Your instructions:
Both the line with "Scooby-Doo! Couverture portable" and the line with "General Officer Commanding" in the records below must appear in the output, along with every line between them, exactly and with nothing added.

***** Input records

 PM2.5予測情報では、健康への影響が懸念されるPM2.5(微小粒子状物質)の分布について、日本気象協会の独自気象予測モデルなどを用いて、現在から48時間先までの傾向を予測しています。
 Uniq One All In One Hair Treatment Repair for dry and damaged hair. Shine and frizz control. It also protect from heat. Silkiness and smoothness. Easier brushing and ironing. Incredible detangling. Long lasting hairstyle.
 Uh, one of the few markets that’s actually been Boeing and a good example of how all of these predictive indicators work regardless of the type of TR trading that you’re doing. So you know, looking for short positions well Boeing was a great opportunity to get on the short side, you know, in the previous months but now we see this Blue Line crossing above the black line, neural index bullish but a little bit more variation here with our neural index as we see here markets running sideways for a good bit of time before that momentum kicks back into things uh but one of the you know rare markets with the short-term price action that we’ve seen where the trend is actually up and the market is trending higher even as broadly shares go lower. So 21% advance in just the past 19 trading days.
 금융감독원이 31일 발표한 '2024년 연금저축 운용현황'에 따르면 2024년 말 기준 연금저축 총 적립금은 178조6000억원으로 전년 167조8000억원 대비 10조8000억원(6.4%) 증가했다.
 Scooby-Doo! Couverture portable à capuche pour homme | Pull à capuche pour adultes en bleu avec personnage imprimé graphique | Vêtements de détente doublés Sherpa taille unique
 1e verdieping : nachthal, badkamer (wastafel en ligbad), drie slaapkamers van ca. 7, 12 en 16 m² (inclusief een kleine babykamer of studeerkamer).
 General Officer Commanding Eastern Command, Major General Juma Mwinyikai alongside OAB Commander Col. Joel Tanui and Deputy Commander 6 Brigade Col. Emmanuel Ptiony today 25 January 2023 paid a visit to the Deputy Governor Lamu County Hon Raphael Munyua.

**********
***** Input records

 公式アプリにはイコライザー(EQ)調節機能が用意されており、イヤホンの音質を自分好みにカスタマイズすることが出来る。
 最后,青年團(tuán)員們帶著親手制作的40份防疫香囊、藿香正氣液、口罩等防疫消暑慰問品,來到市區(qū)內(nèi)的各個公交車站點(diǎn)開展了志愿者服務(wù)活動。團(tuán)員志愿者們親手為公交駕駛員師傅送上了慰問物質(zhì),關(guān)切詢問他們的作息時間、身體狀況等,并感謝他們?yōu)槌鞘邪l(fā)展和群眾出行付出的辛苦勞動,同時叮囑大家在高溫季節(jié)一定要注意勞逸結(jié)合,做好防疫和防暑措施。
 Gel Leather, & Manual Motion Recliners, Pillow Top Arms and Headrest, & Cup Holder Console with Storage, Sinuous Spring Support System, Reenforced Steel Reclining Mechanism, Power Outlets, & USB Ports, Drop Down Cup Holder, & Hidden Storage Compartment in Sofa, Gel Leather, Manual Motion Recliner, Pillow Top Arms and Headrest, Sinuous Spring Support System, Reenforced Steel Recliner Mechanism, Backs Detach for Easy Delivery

**********

Your response:
 Scooby-Doo! Couverture portable à capuche pour homme | Pull à capuche pour adultes en bleu avec personnage imprimé graphique | Vêtements de détente doublés Sherpa taille unique
 1e verdieping : nachthal, badkamer (wastafel en ligbad), drie slaapkamers van ca. 7, 12 en 16 m² (inclusief een kleine babykamer of studeerkamer).
 General Officer Commanding Eastern Command, Major General Juma Mwinyikai alongside OAB Commander Col. Joel Tanui and Deputy Commander 6 Brigade Col. Emmanuel Ptiony today 25 January 2023 paid a visit to the Deputy Governor Lamu County Hon Raphael Munyua.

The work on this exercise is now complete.